3. People Only Relate to Their Own Time. People tend to ridicule anything that came before their birth, so the entirety of the world as it once was is closed off to them. Many of them don’t have the ability to view something in the context in which it was made. Any movie, no matter how “timeless” it’s supposed to be, is of the era in which it’s made. Most young people today won’t notice the importance of the scene in Casablanca when the Nazis are drowned out by the French singing La Marseillaise. They merely see it as some silly singing contest. A little research into World War II may help one understand the scene’s original context and imagine what it would’ve meant to the audiences of 1943 (besides being a propaganda tool, of course). I often tell young skeptics to wait a few years until their beloved and revered pop movies and music get skewered by the generation after theirs; it’ll happen, just you wait…
4. Special Effects. According to that same workmate, the shark in Jaws “looked so fake.” I asked him if he thought that CGI effects looked more realistic. He said yes. I then asked if he failed to notice how “fake” and unrealistic the movement was of a CGI animal that was supposed to be running. The thing looked huge, but leapt around as though it had no weight to it. It moved like an object much lighter and smaller than it was supposed to be. It also resembled a video game graphic rather than a living, furry beast. His beloved CGI was already dated and horrendously phony looking and it wasn’t even five years old.

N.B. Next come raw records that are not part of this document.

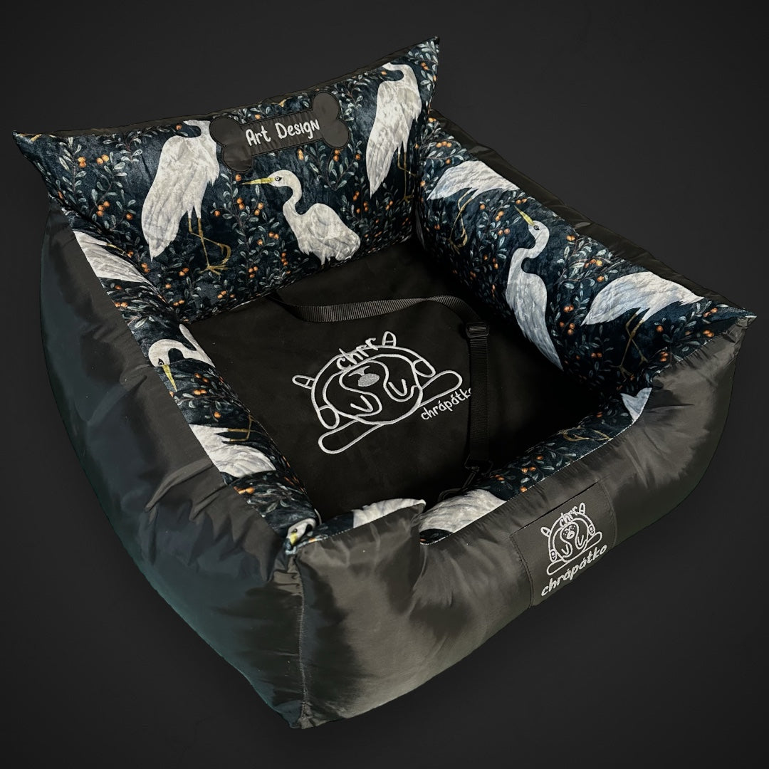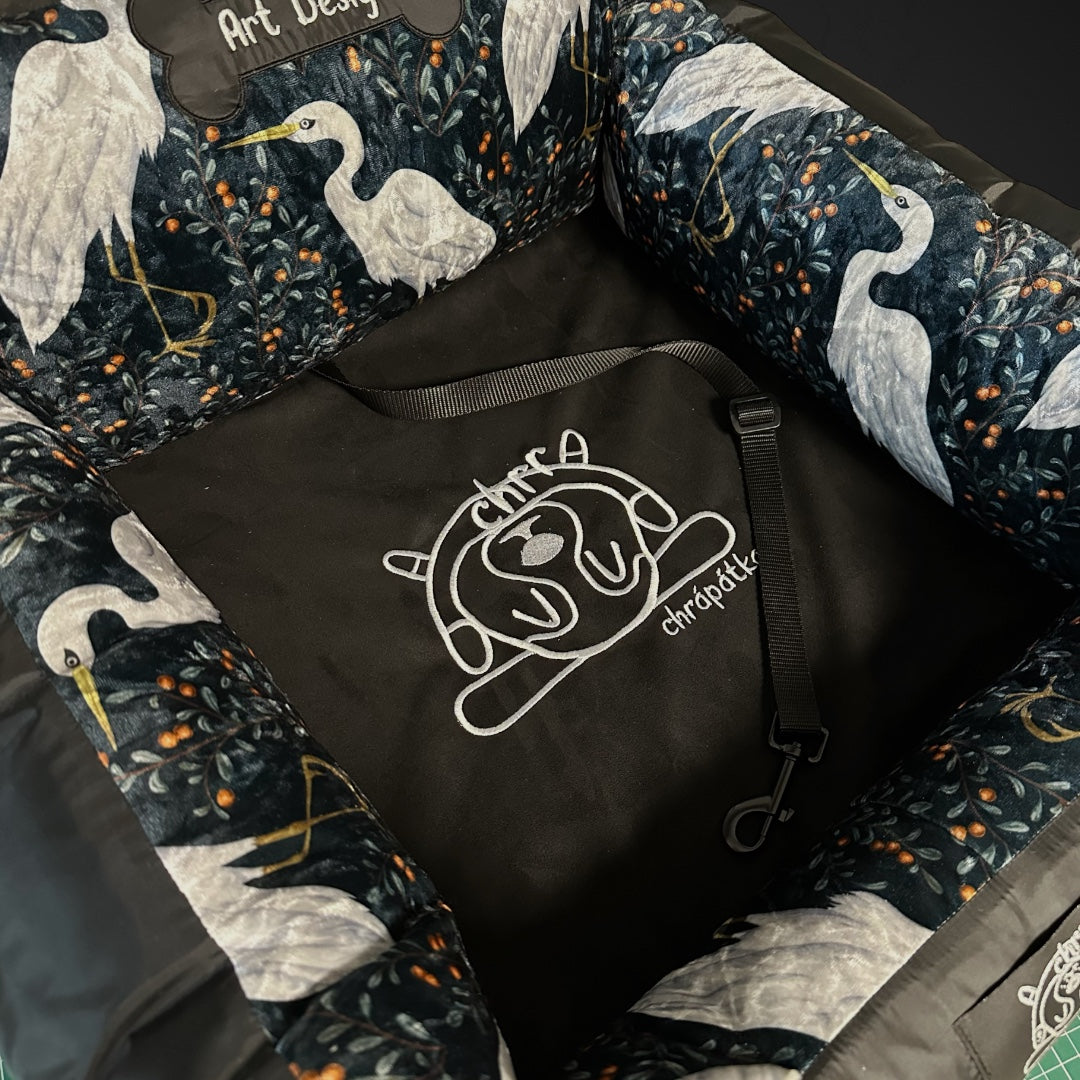 Premium car seat for dogs. Interior design made of very luxurious printed durable fabric.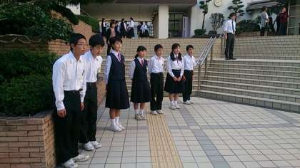 爽やかな朝、東中生が登校しています。新生徒会役員が、初めてのあいさつ運動に取り組んでいます。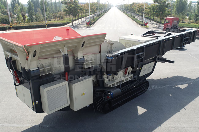 車載移動破碎機設備根據底盤移動機架分為輪胎式和履帶式,從破碎程度又有粗碎、中碎、細碎之分。

My first reaction to people proclaiming something as overrated is to believe that not much thought has gone into that statement and that they’re dismissing all that was before them because they have the notion that something old is already out of date and useless, like a three-month-old gallon of milk. It’s just not so. We tend to believe that anything of the here and now is somehow superior to what came before it. It’s the assumption that newer automatically means better, when in fact there are things from the now and the then that are worth keeping, while both eras also have elements that can be jettisoned.